Go to the source code of this file.
Data Structures | |
| struct | qsc_x509_crl_builder_t |
Macros | |
| #define | QSC_X509_CRL_WRITE_MAX 8192U |
| The maximum number of octets used by the CRL writer scratch buffers. | |
Typedefs | |
| typedef struct qsc_x509_crl_builder_t | qsc_x509_crl_builder |
Functions | |
| QSC_EXPORT_API void | qsc_x509_crl_builder_initialize (qsc_x509_crl_builder *builder) |
| Initialize a CRL builder. | |
| QSC_EXPORT_API void | qsc_x509_crl_builder_clear (qsc_x509_crl_builder *builder) |
| Clear a CRL builder. | |
| QSC_EXPORT_API qsc_asn1_status | qsc_x509_crl_builder_set_issuer (qsc_x509_crl_builder *builder, const qsc_x509_name *issuer) |
| Set the CRL issuer distinguished name. | |
| QSC_EXPORT_API qsc_asn1_status | qsc_x509_crl_builder_set_update_times (qsc_x509_crl_builder *builder, const qsc_asn1_time *thisupdate, const qsc_asn1_time *nextupdate) |
| Set the CRL update times. | |
| QSC_EXPORT_API qsc_asn1_status | qsc_x509_crl_builder_set_signature_algorithm (qsc_x509_crl_builder *builder, const qsc_x509_algorithm_identifier *signaturealgorithm) |
| Set the CRL signature algorithm identifier. | |
| QSC_EXPORT_API qsc_asn1_status | qsc_x509_crl_builder_validate_issuer (const qsc_x509_crl_builder *builder, const qsc_x509_certificate *issuer) |
| Validate the builder issuer against an issuer certificate. | |
| QSC_EXPORT_API qsc_asn1_status | qsc_x509_crl_builder_add_revoked_serial (qsc_x509_crl_builder *builder, const uint8_t *serialnumber, size_t serialnumberlen, const qsc_asn1_time *revocationdate) |
| Add a revoked certificate entry by serial number. | |
| QSC_EXPORT_API qsc_asn1_status | qsc_x509_crl_builder_add_extension (qsc_x509_crl_builder *builder, const qsc_x509_extension *extension) |
| Add a CRL extension to the builder. | |
| QSC_EXPORT_API qsc_asn1_status | qsc_x509_crl_builder_encode_tbs_der (const qsc_x509_crl_builder *builder, uint8_t *output, size_t *outputlen) |
| Encode the TBSCertList portion as DER. | |
| QSC_EXPORT_API qsc_asn1_status | qsc_x509_crl_builder_sign (const qsc_x509_crl_builder *builder, qsc_x509_certificate_sign_callback signcallback, void *context, uint8_t *output, size_t *outputlen) |
| Sign and encode a complete CRL. | |
| QSC_EXPORT_API qsc_asn1_status | qsc_x509_crl_der_encode_pem (const uint8_t *der, size_t derlen, char *output, size_t *outputlen) |
| Encode a DER CRL into PEM. | |
| QSC_EXPORT_API qsc_asn1_status | qsc_x509_crl_encode_pem (const qsc_x509_crl *crl, char *output, size_t *outputlen) |
| Encode a decoded CRL object into PEM. | |
X.509 certificate revocation list builder, signing, and PEM encoding interface.

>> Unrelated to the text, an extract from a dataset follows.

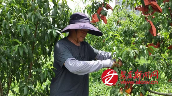 同樣迎來收獲的還有城關鎮(zhèn)的黃桃,在城關鎮(zhèn)龍嶺村的黃桃種植基地,連片的桃樹郁郁蔥蔥,金燦燦的黃桃壓彎了枝條,空氣中彌漫著誘人的桃香?;刎撠熑藙⒑暾χ烧?,臉上洋溢著燦爛的笑容,他一邊采摘一邊介紹道:“我們這個桃園有金鳳黃桃、黃金黃桃、秋彤桃和冬桃四個品種,一共有9畝多,從6月中旬到10月左右,陸續(xù)都有成熟的桃子?!?/p>

This header declares the public interface used to construct, validate, encode, sign, and PEM-convert X.509 Certificate Revocation Lists (CRLs). The builder stores the issuer name, update times, signature algorithm, optional CRL extensions, and a bounded list of revoked certificate entries.
The interface supports generation of the TBSCertList DER payload, final CertificateList signing through a caller supplied signing callback, and conversion of either a DER encoded CRL or a decoded CRL object into PEM.
| #define QSC_X509_CRL_WRITE_MAX 8192U |
The maximum number of octets used by the CRL writer scratch buffers.
This constant defines the fixed upper bound used by internal CRL writing routines when assembling temporary DER encodings during CRL generation.
| QSC_EXPORT_API qsc_asn1_status qsc_x509_crl_builder_add_extension | ( | qsc_x509_crl_builder * | builder, |
| const qsc_x509_extension * | extension ) |
Add a CRL extension to the builder.
Appends a caller supplied extension object to the set of CRL extensions being assembled by the builder. Duplicate extension types or duplicate extension object identifiers are rejected.
| builder | [struct] The destination CRL builder. |
| extension | [const][struct] The extension to add. |
| QSC_EXPORT_API qsc_asn1_status qsc_x509_crl_builder_add_revoked_serial | ( | qsc_x509_crl_builder * | builder, |
| const uint8_t * | serialnumber, | ||
| size_t | serialnumberlen, | ||
| const qsc_asn1_time * | revocationdate ) |
Add a revoked certificate entry by serial number.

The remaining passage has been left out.